Frequently Asked Questions (FAQ)

Q: Can the 2SK4099LS be directly replaced with any of the listed substitute parts?

A: Direct replacement is possible only when the application circuit operates within the electrical and thermal envelope of the selected substitute part. All listed parts share the same 600V voltage rating, N-Channel MOSFET technology, and Through Hole TO-220 package family. However, differences in continuous drain current rating, on-resistance, gate charge, and power dissipation must be evaluated against specific circuit requirements. Pin-to-pin compatibility is maintained across all TO-220-3 Full Pack variants.

Q: Which substitute part is best for high-current applications?

A: The SIHF7N60E-E3 (Vishay Siliconix) provides the highest continuous drain current rating at 7A, closest to the 2SK4099LS specification of 6.9A. This part also exhibits the lowest on-resistance (600 mOhm @ 3.5A, 10V), resulting in reduced conduction losses and improved thermal performance in high-current switching scenarios.

Q: Are there differences in gate drive requirements between the 2SK4099LS and substitute parts?

A: All parts are specified for 10V drive voltage operation. Threshold voltage (Vgs(th)) varies slightly across the substitute parts, ranging from 3.5V to 5V. Gate charge (Qg) differs significantly, with values ranging from 8 nC (STF6N60M2, STF7N60M2) to 40 nC (SIHF7N60E-E3). Lower gate charge reduces driver power dissipation and switching losses. Existing gate drive circuits designed for the 2SK4099LS will operate with all substitute parts, though optimization may be possible with lower gate charge alternatives.

Q: What is the impact of on-resistance differences on circuit performance?

A: On-resistance (Rds On) directly affects conduction losses and thermal dissipation. The SIHF7N60E-E3 (600 mOhm) provides superior efficiency compared to the 2SK4099LS (940 mOhm). The STF7N60M2 (950 mOhm) and IPA60R950C6XKSA1 (950 mOhm) maintain similar on-resistance to the original part. The STF6N60M2 (1.2 Ohm) and R6004ENX (980 mOhm) exhibit slightly higher on-resistance. For applications sensitive to conduction losses, the SIHF7N60E-E3 is preferred. For drop-in replacement with minimal circuit redesign, the STF7N60M2 or IPA60R950C6XKSA1 are suitable.

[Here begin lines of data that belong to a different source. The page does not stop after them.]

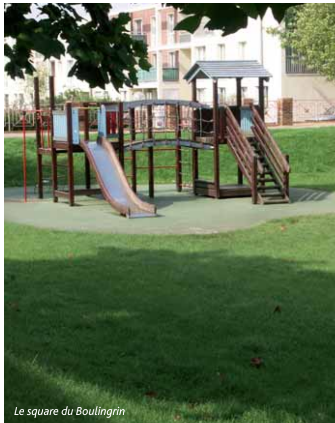
Le square du Boulingrin
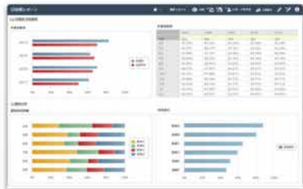
臨床指標の可視化
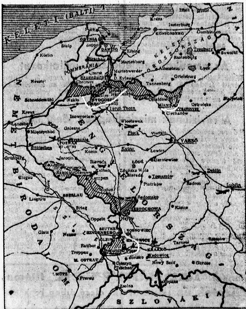
A lengyel hadszínterről. A sűrűn vonalozott rész a németek által hétfő délig megszállt terület, a fehér vonallal aláhúzott részek a kedd délig elfoglalt területek.

Wilhelmshaven, szeptember 5. (Német Távirati Iroda.) Hétfőn délután hat óra tájban angol nehézbombavető repülőgépek támadást intéztek Wilhelmshaven és Cuxhaven ellen.
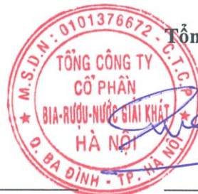
Ngô Quế Lâm
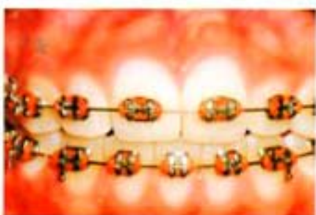
Figura 14. Frente progreso.
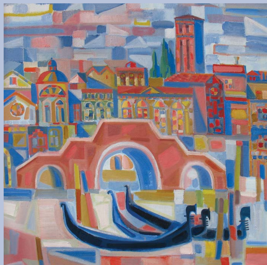
«Стрелецкая слобода. Великий Устюг», бумага, акварель, 2010; «Венеция», холст, масло, 2008

нам дается возможность приблизиться к высшей истине, увидеть свет, достигнуть просветления духовного.
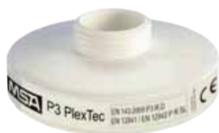
Partikelfilter P3 PlexTec
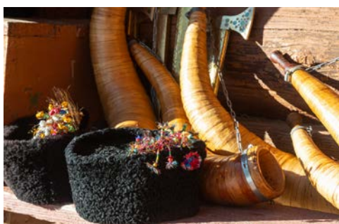
Auf den Märkten gibt es viel Kunsthandwerk

Durres besichtigen Sie Gjirokaster. Die faszinierende Altstadt von Gjirokaster gehört zum UNESCO Weltkulturerbe. Sie besuchen zuerst die Burg mit Blick auf die gesamte Stadt und ihre Umgebung. Von dort werden Sie auf einem kleinen Spaziergang die schmalen Gassen der Stadt erkunden. Anschließend haben Sie Freizeit für eigene Unternehmungen. Weiterfahrt nach Durres. Abendessen und Übernachtung im Hotel.
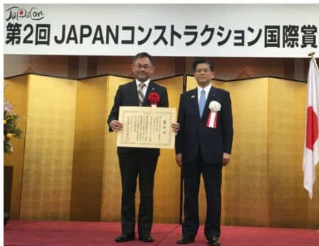
石井国土交通大臣による表彰状の授与 SORA gardens I (ソラガーデンズ1)
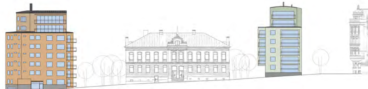
Fasad mot Plankgatan
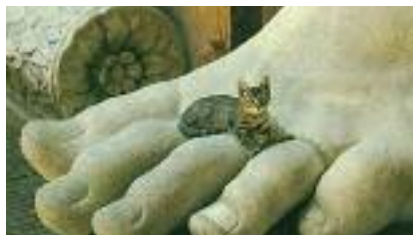
Dat ligt prima!

bezienswaardigheden bezocht, een heerlijke koffie gedronken of overheerlijk ijs gegeten (allemaal géén probleem in Rome), dan is het echt
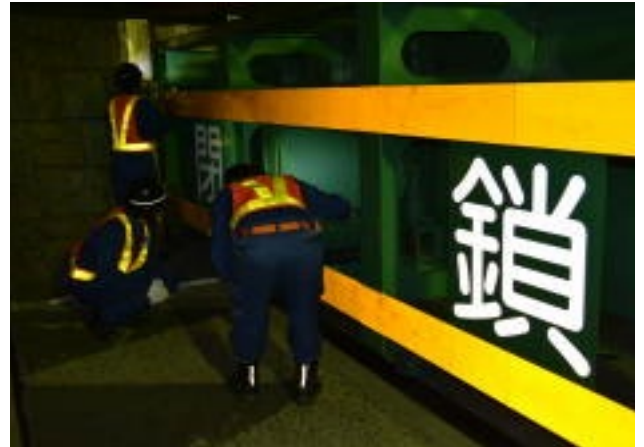
陸閘点検の実施状況
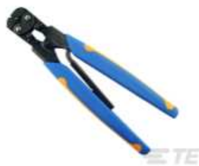
TE Teilenummer 525693 22-10 TYPE W D.A.H.T. ASSY
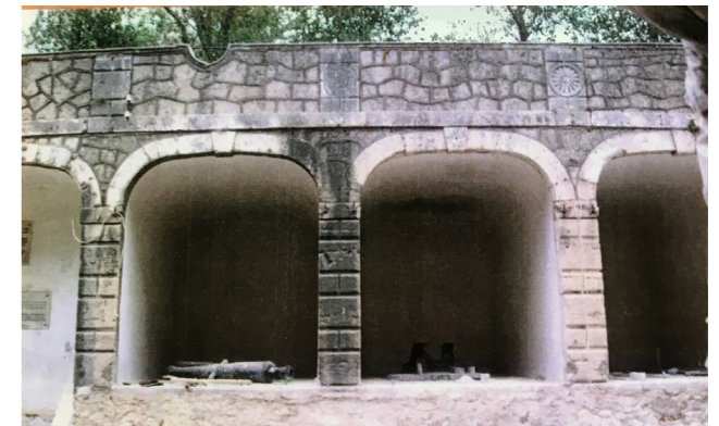
Φωτογραφίες αρχείου 1993
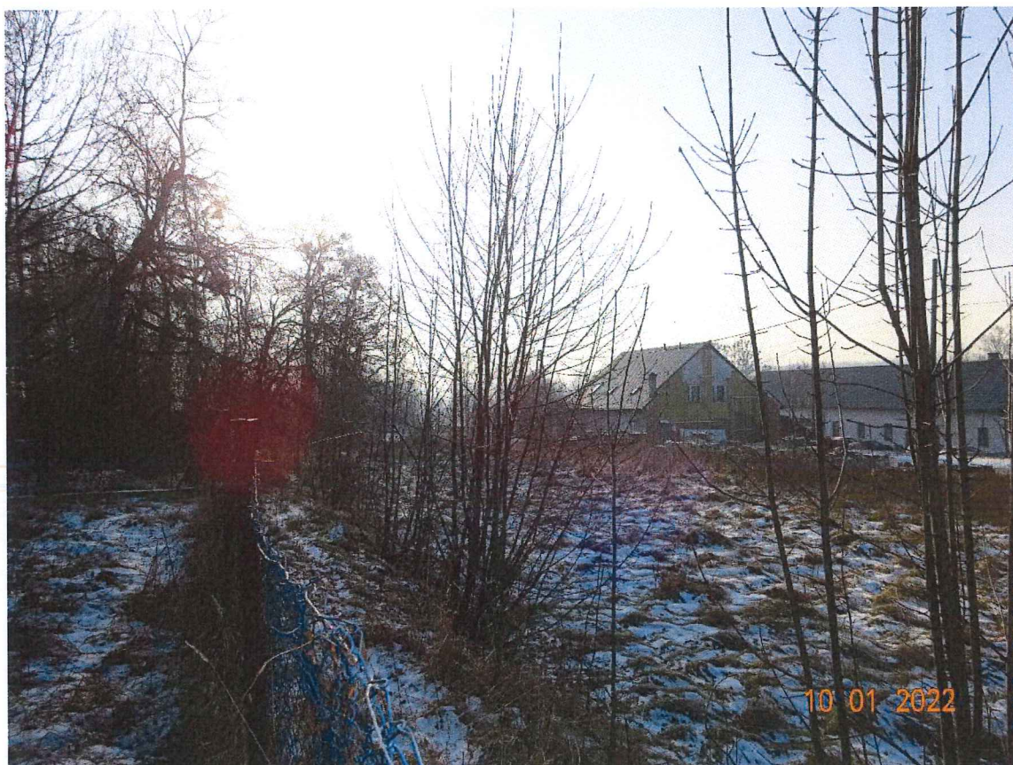
Zdjęcie nr 2 – działka nr 215/25 (większa)
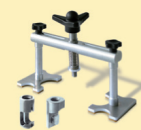
Alu Puller Арт. 051003
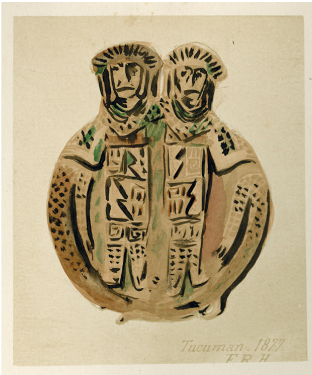
Figura 3: Ilustración del libro Liberani y Hernández (1950 [1877]). Biblioteca Nacional.
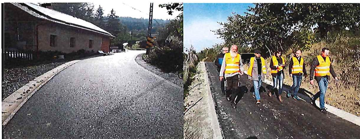
Przebudowa dróg w Żdanowie i Srebrnej Górze

W objętym przez raport okresie gmina otrzymała 2 251 041,19 zł związanych z realizacją inwestycji. Z tytułu refundacji wydatków na przedsięwzięcia z funduszu sołeckiego to kwota ogółem 18 187,58 zł. Środki otrzymane w ramach Rządowego Funduszu Inwestycji Lokalnych dla gmin górskich, które gmina w części wydatkowała w 2021 r., a pozostałe zamierza wydatkować w 2022 roku na infrastrukturę sportową, turystyczną, społeczną to kwota 1 905 416,01 zł. Na budowę 2 laboratoriów przyszłości w szkole podstawowej otrzymano środki w wysokości 120 000,00 zł. Dotacja z Rządowego Funduszu Dróg na budowę przejścia dla pieszych wraz z przebudową drogi w Lutomierzu oraz wykonaniem oświetlenia, wyniosła 117 437,60 zł. Zadanie będzie realizowane w 2022 r. Dotację z samorządu wojewódzkiego na odbudowę pawilonu w zabytkowym parku w Grodziszczu otrzymano w wysokości 90 000,00 zł.
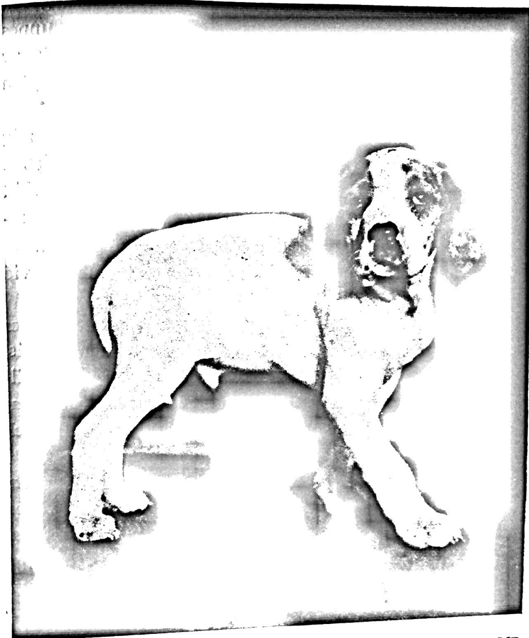
HUSABY-DREAM OF DELIGHT (E. SÖRÄNGENS LYX U. CHAMP. SKOGIS-LEILA), SJU VECKOR GAMMAL

törer och jag fick en hel del fågel ur marken som jag trodde mig hava bommat på, men för stora, vida, fågelfattiga fält passade dessa hundar ej.
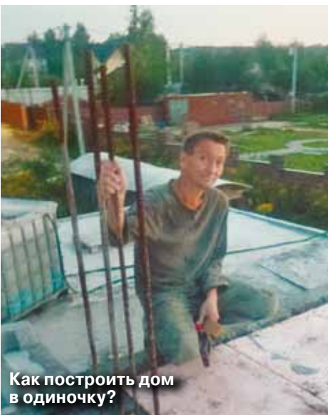
Как построить дом в одиночку?

ним не совладала. Сказали, что нужны родители покрепче, с большим ресурсом.
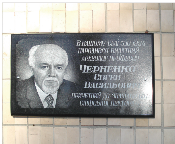
Меморіальна дошка на честь професора Євгена Черненка на батьківщині — с. Буда-Воробі Житомирської обл. 2011 р.

Дав їй на ознайомлення Є. В. Він прочитав досить швидко, кілька разів хмикнув і щось підкреслив в тексті олівцем. А далі був такий діалог.
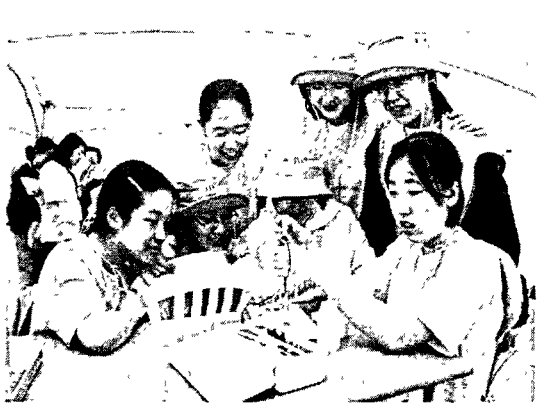
[그림 3] 숲과 대기
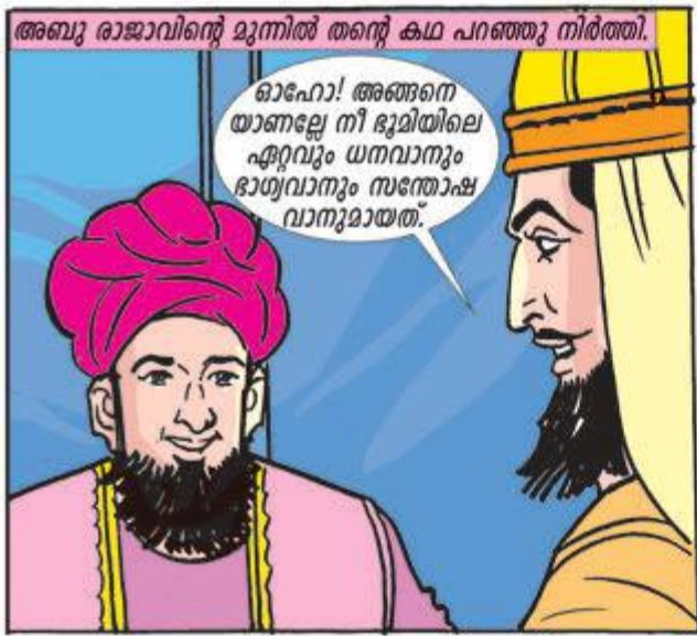
അബൂ രാജാവിന്റെ മുന്നിൽ തന്റെ കഥ പറഞ്ഞു നിർത്തി.

ഓഹോ! അങ്ങനെ യാണല്ലേ നീ ഭൂമിയിലെ ഏറ്റവും ധനവാനും ഭാഗ്യവാനും സന്തോഷ വാനുമായത്.
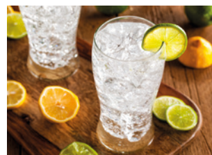
7 kalte Getränke
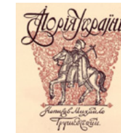
На замовлення М. Грушевського оформив "Ілюстровану історію України".

На жаль, пам'ять про Василя Кричевського, як і про багатьох інших постатей, намагалася знищити радянська влада. Проте вони існували для тих, хто з ризиком для життя беріг їхні твори в Україні. Сьогодні ми боремося за те, щоб наша історія повернулася із забуття та була передана наступним поколінням.
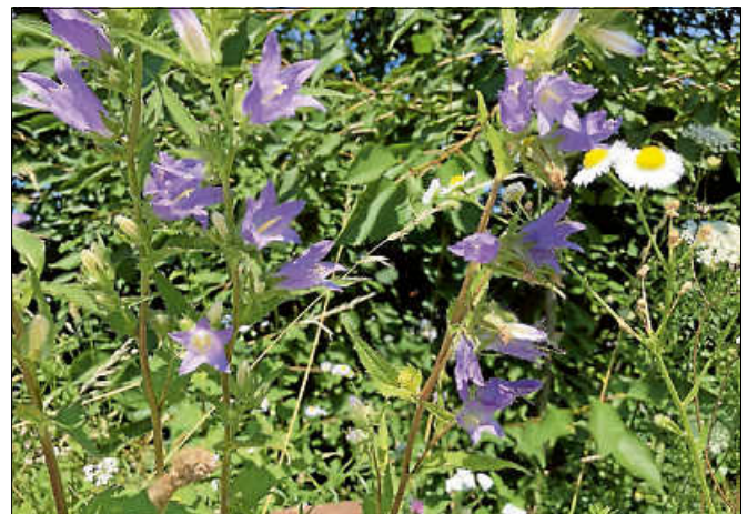
Kräuter am Wegesrand.
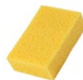
натуральная морская или синтетическая губка
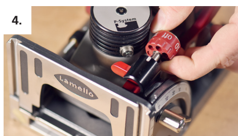
4. Zum Justieren P-System-Tiefensteller ziehen und auf «Off» drehen
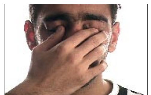
The Speculative Archive / Julia Meltzer and David Thorne, Not a matter of if but when: brief records of a time in which expectations were repeatedly raised and lowered and people grew exhausted from never knowing if the moment was at hand or was still to come, video still, 2006
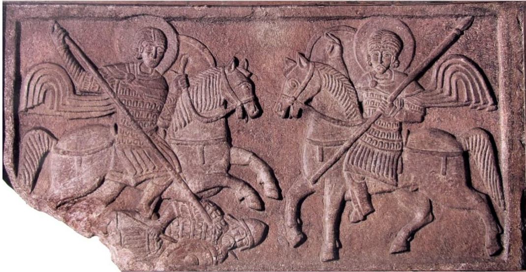
11. Шиферний рельєф зі святими воїнами-вершниками. Державна Третяковська галерея, Москва.

передала Ермітажу фреску святителя Миколая і мозаїчний орнамент. У 1974 р. обидві ці пам'ятки повернули до Третяковської галереї, а фрески, отримані з Новгородського заповідника, залишалися в Ермітажі ще півстоліття.
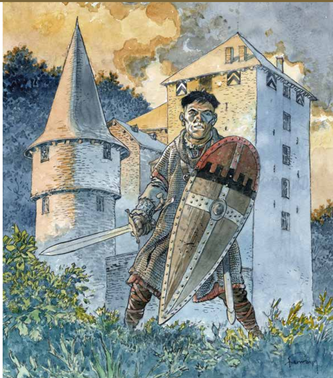
In 1985 start Hermann de reeks DE TORENS VAN SCHEMERWOUDE. Na de eerste cyclus van tien albums gaat de reeks verder met afgeronde verhalen per album over de nazaten van ridder Aymar van Schemerwoude.
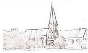
St. Antonius Maßweiler
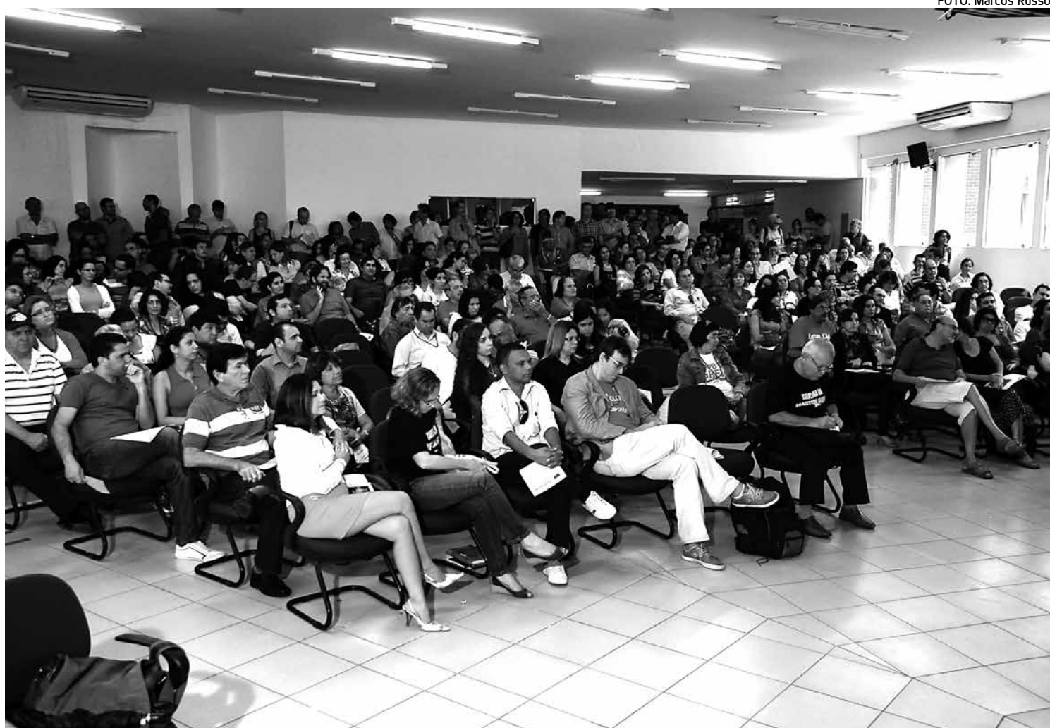
Assembleia em João Pessoa, realizada no auditório da reitoria, durou cerca de quatro horas e contou com a presença também dos alunos

Na capital, os servidores do IFPB são acusados de contrariarem orientação do Sindicato Nacional dos Servidores Federais da Educação Básica, Profissional e Tecnológica (Sinasefe), que acenou pelo acordo com o Governo Federal. Segundo Júlio Vinga, na Paraíba são 1.700 servidores, incluindo os docentes lotados nos 9 campi, além de 18 mil estudantes que estão sem aulas desde o dia 5 de junho. Além do IFPB, alunos de outras instituições públicas federais no Estado sofrem com os movimentos grevistas.
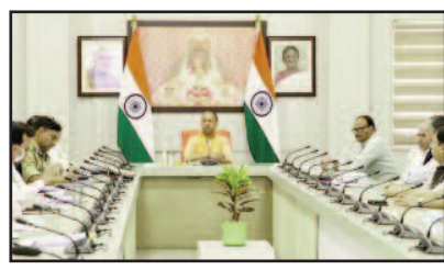
बल्कि जो कोविड पॉजिटिव मरीज मिल रहे हैं, उनकी स्थिति भी सामान्य है। स्वास्थ्य विशेषज्ञों के अनुसार यह स्थिति घबरावने की नहीं सतर्क है। यहां न केवल पॉजिटिविटी दर कम है,

लखनऊ, एजेंसी। देश में बढ़ते कोरोना के नए मामलों के बीच मुख्यमंत्री योगी आदित्यनाथ ने बुधवार को राज्य स्तरीय कोविड सलाहकार समिति और उच्चस्तरीय टीम-9 के साथ प्रदेश की स्थिति की समीक्षा की और व्यापक जनहित में आवश्यक दिशा-निर्देश दिए। उन्होंने कहा कि बीते कुछ समय से देश के विभिन्न राज्यों में कोविड के मामलों में बढ़ोतरी देखी जा रही है। वर्तमान में देश में 38 हजार से अधिक एक्टिव केस हैं, हालांकि उत्तर प्रदेश में स्थिति नियंत्रण में है। यहां न केवल पॉजिटिविटी दर कम है,
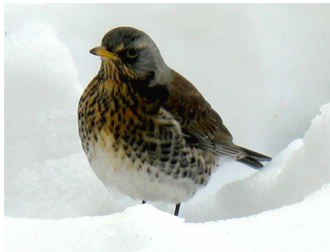
Bild: eine Wacholderdrossel mit ihrem gefleckten Brustkleid

Die MaLuKi eine Oase? - Manche empfinden das so: da kommen Pilger vorbei und finden eine offene Tür, da sitzt ab und an jemand drinnen und braucht an einem der verkehrsreichsten Plätze Ulms, eine Oase der Ruhe und Besinnung. Staubig und laut ist es um die Kirche herum und trotzdem ist das Ensemble, auch noch in anderer Hinsicht, eine kleine Oase. Ringsherum gibt es Nischen und Refugien, die von Fauna und Flora genutzt werden. Die Brennnessel wird nur leicht zurückgedrängt, wenn sie den „Tränenden Herzen“ und dem „Frauenmantel“ zu sehr auf Blätter rücken. Unter der einst wild aufgegangenen Eibe wächst zuverlässig die vielblütige Weißwurz, etwas weiter die Knoblauchrauke und in der Ecke, wo man gelegentlich auf einen Geo-Catcher trifft, gedeiht die Felsenbirne. Hier auf der Nordseite brüten neben der Amsel auch der Haus-Rotschwanz und der quirlige Fliegenschnäpper.

Q: How do input capacitance differences affect switching performance?

A: Input capacitance (Ciss) influences gate charge requirements and switching speed. The 2SK4099LS specifies 750 pF @ 30V. Substitute parts range from 232 pF (STF6N60M2) to 680 pF (SIHF7N60E-E3). Lower input capacitance reduces gate charge and enables faster switching transitions, reducing switching losses. Higher input capacitance increases gate charge requirements but may provide improved noise immunity. Selection depends on the specific switching frequency and gate driver capability of the application circuit.

Q: Which substitute parts are recommended for new designs?

A: For new designs, active product status parts are preferred: R6004ENX (Rohm), SIHF7N60E-E3 (Vishay), STF6N60M2 (STMicroelectronics), and STF7N60M2 (STMicroelectronics). These parts offer established supply chains and long-term availability. The STF6N60M2 and STF7N60M2 provide the highest inventory levels and represent current-generation MDmesh™ II Plus technology from STMicroelectronics.

Q: Are all substitute parts RoHS3 compliant?

A: Yes. All five substitute parts carry RoHS3 compliance certification and REACH Unaffected status, matching the regulatory compliance of the 2SK4099LS. Moisture Sensitivity Level (MSL) is 1 (Unlimited) for all parts, indicating no special moisture handling requirements during storage or assembly.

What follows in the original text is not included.